# Mercedes Engine Detail.



## great gonzo (Nov 4, 2010)

Had the car 1 year now so I thought it was time for its first engine clean. I was surprised when I flipped the bonnet to find it in quite good order. So this in mind I only had to use G101 a small brush and the hose pipe, finished off with Meguires engine dress.

Before.










After.


----------



## Chrissyronald (Jan 15, 2012)

Look great mate. I really like the meguiars engine dressing :thumb:


----------



## great gonzo (Nov 4, 2010)

Yeah it's good stuff, you don't here much about it on here.


----------



## Barny (Aug 1, 2012)

Much better! C350?


----------



## skorpios (Sep 11, 2011)

Engine is brand new now!
Very nice job! :thumb:


----------



## Demetrios72 (Jun 27, 2011)

Looks nice mate :thumb:


----------



## VenomUK (Oct 13, 2011)

Looks good mate. How strong did you use the G101. 

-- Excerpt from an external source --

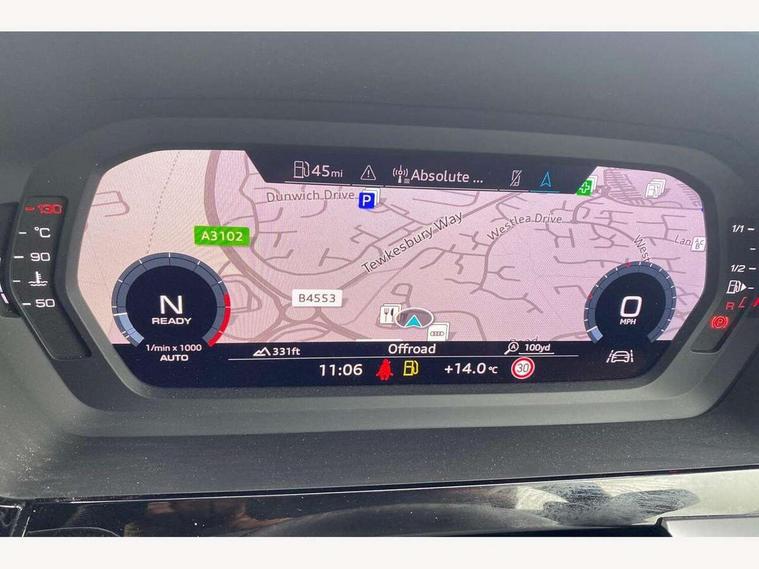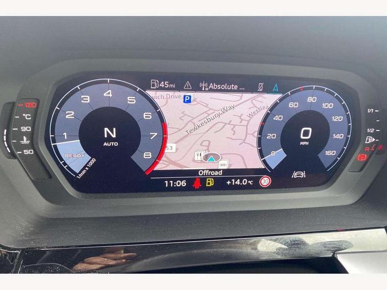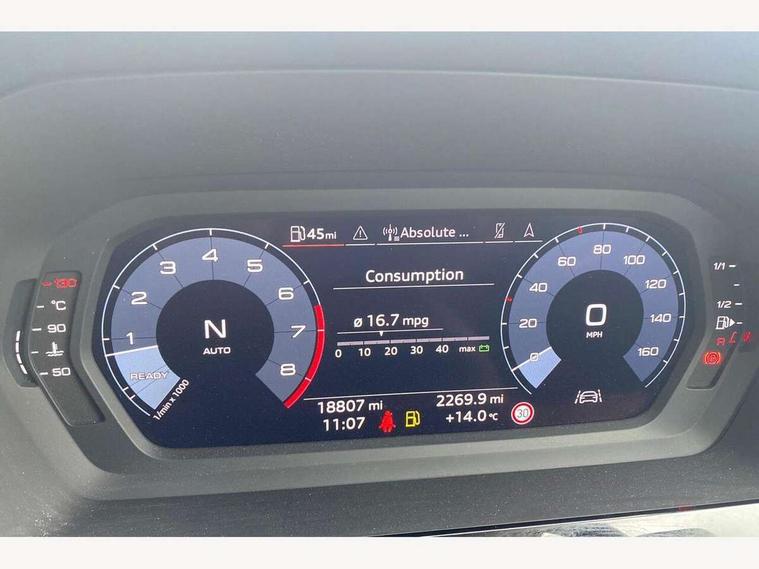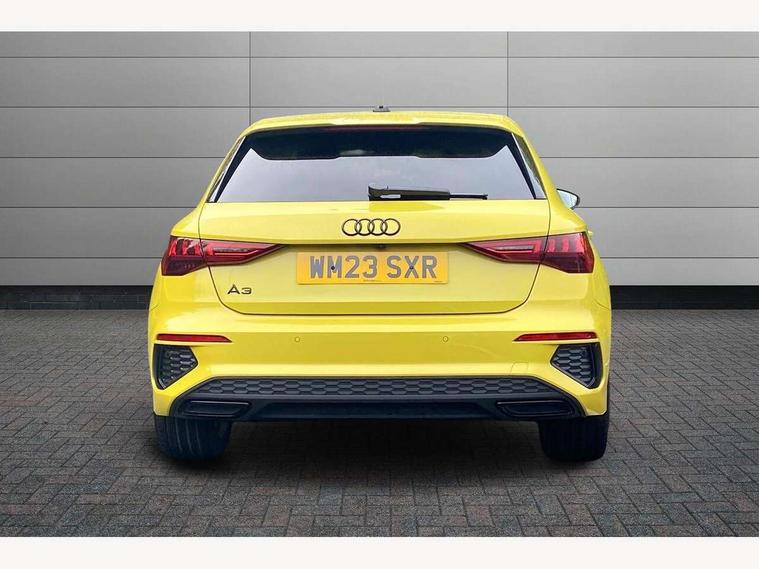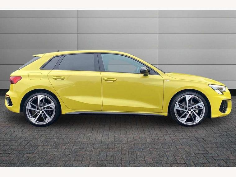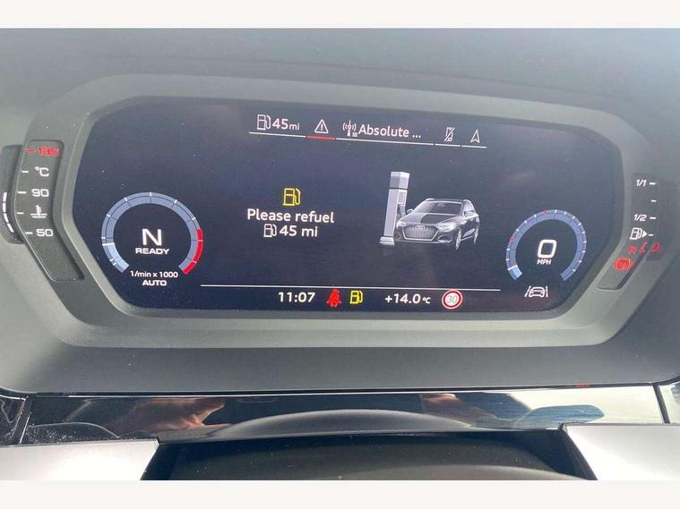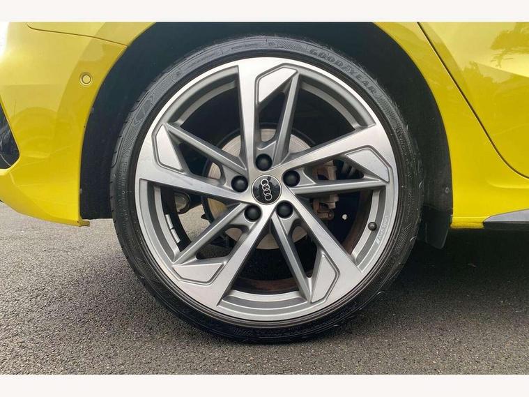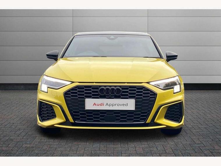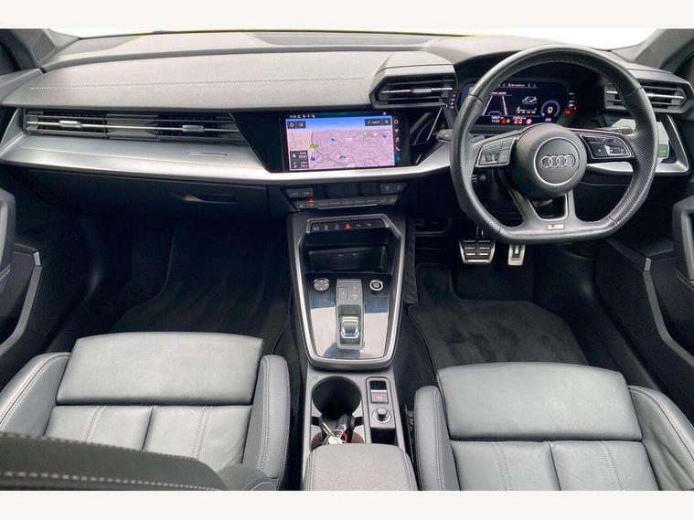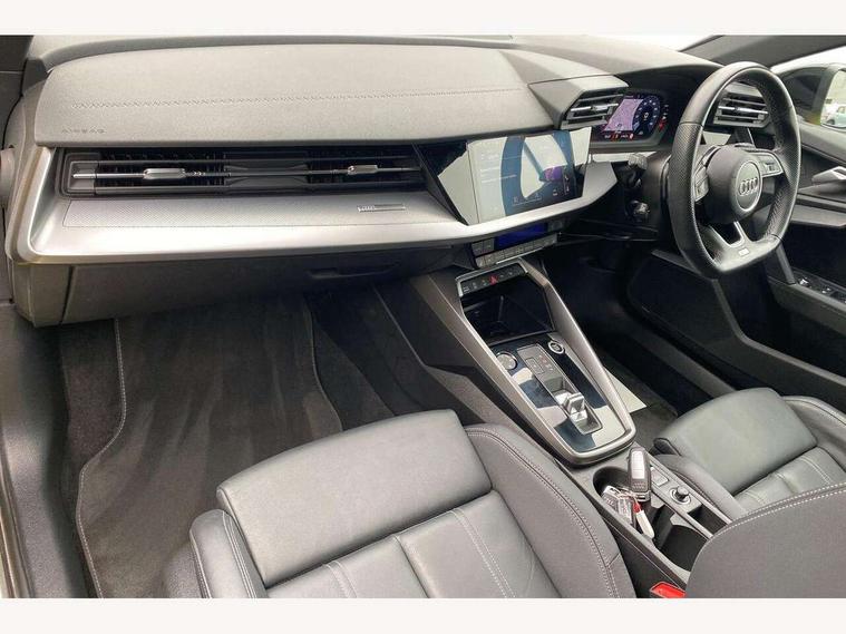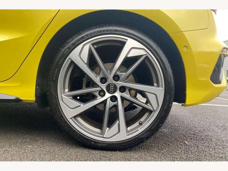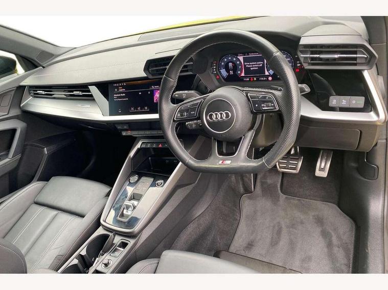 Audi drive select (Auto, Comfort, Dynamic, Efficiency and Individual), Audi smartphone interface, Audi Virtual Cockpit - 10.25" digital and colour instrument cluster, Automatic start/stop system with recuperation, Bluetooth interface, Camera based traffic sign recognition, Collision avoidance assistant, e-Call (emergency call), Electromechanical power speed sensitive steering, Lane departure warning system, MMI Navigation Plus with high resolution 10.1" colour touch screen display, Service indicator, Trip computer, Voice control system with natural language interaction, Sports suspension, 2xUSB-C connection with data and charging functions, 6 passive loudspeakers, DAB Digital radio, 3rd brake light, Acoustic glass windscreen, Audi beam uses LEDs to project the Audi logo onto the ground as you exit your A3, Auto dimming frameless rear view mirror, Electrically adjustable/heated/folding/auto dimming door mirrors with integrated LED indications + kerb view function for passenger side, Front electric windows, Illuminated door sills with aluminium inserts at the front with S logo, LED daytime running lights, LED headlights with LED rear lights and dynamic rear indicators, Light and rain sensors, Privacy glass - dark tinted rear window, rear door and side windows, Rear electric windows, Rear side air outlets in grained matt black, Rear side wing doors, Rear wiper, S roof spoiler, 12V socket and storage compartment in front centre console, 3 seat bench in 2nd row, 4 way electrically adjustable lumbar support for driver and front passenger, 60/40 split folding rear seat bench, Black cloth headlining, Dual zone electronic climate control, Front and rear centre armrest in artificial leather, Front and rear headrests, Front/rear floor mats, Height and reach adjustable steering wheel, Interior lighting - glove compartment light and right hand side, Luggage compartment floor covering, Manual boot compartment lid, Seat side bolsters, Single front passenger seat, Stainless steel pedals and front footrest in black, Twin leather upholstery with front sports seats S embossed logo, Aluminium interior elements pack - A3 Sportback, Black styling pack - A3 Sportback/Black edition, LED interior lighting pack - A3 Sportback, 3x3 point rear seat belts, Driver and front passenger airbag with passenger airbag deactivation, Electronic Stabilisation Control (ESC) including ABS, ASR and EDL, First aid kit with warning triangle and 2 safety vests, Front side airbags with head airbags and interaction airbag, Pre-sense front with pedestrian and cyclist detection, Seatbelt monitoring, Tyre pressure loss indicator, Anti theft alarm, Anti-theft wheel bolts, Electronically operated child locks, Immobiliser, Remote control central locking, Dark spectrum aluminium inlays, accent surfaces in the dashboard and centre console in platinum grey silk effect paint finish, 19" 5 arm trapezoid design alloy wheels in matt grey with diamond cut finish,
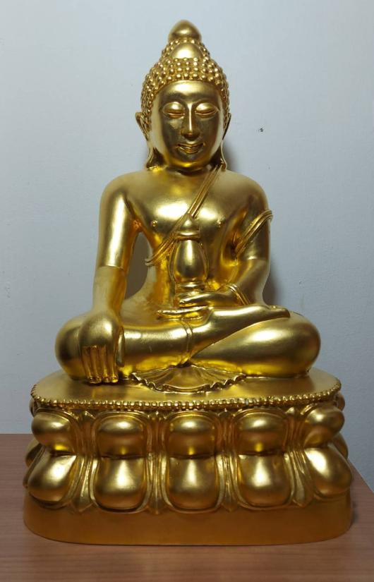 พระบูชาพุทธศิลป์ปางรำพึง พระกรุณามหาคุณมหามุณี สูงรวมฐาน 20. 7 นิ้ว เนื้อโลหะขัดเงาผิวหิ้ง !! |

I want to do my engine bay but worried about putting water over the engine bay? I've read that modern engines it's not a problem. Also running the engine while you do it also helps? 

Any advice please?


----------



## great gonzo (Nov 4, 2010)

Barny said:


> Much better! C350?


Ha ha nearly C220 chipped to 220 bhp.


----------



## great gonzo (Nov 4, 2010)

skorpios said:


> Engine is brand new now!
> Very nice job! :thumb:


Thanks was 4 years old. :thumb:


----------



## traplin (Feb 22, 2012)

looks good mate!


----------



## great gonzo (Nov 4, 2010)

VenomUK said:


> Looks good mate. How strong did you use the G101.
> 
> I want to do my engine bay but worried about putting water over the engine bay? I've read that modern engines it's not a problem. Also running the engine while you do it also helps?
> 
> Any advice please?


To be honest the engine wasn't that bad so no degreasing was really needed, my mix was about 10/1 but I have used it at 2/1 for greasy engines. As long as you rinse before it drys you won't have any problems. 
I never cover any of the parts in the engine, I don't think there is any need to, a engine will get so much water on it down a motorway when raining and sitting around in bad weather all night. There designed for it, I have been doing this for years and never had any problems, no need to leave the car running either although I do run it when helping to dry. 
:tumbleweed:


----------



## VenomUK (Oct 13, 2011)

I'm just worried for electrics like coil packs and things like that?


----------



## Marky-G-66 (May 31, 2012)

very nice:thumb:


----------



## great gonzo (Nov 4, 2010)

VenomUK said:


> I'm just worried for electrics like coil packs and things like that?


If your that worried wrap the electrical parts in cling film or plastic bags, but I can assure that if your sensible with the hose you won't have a problem.


----------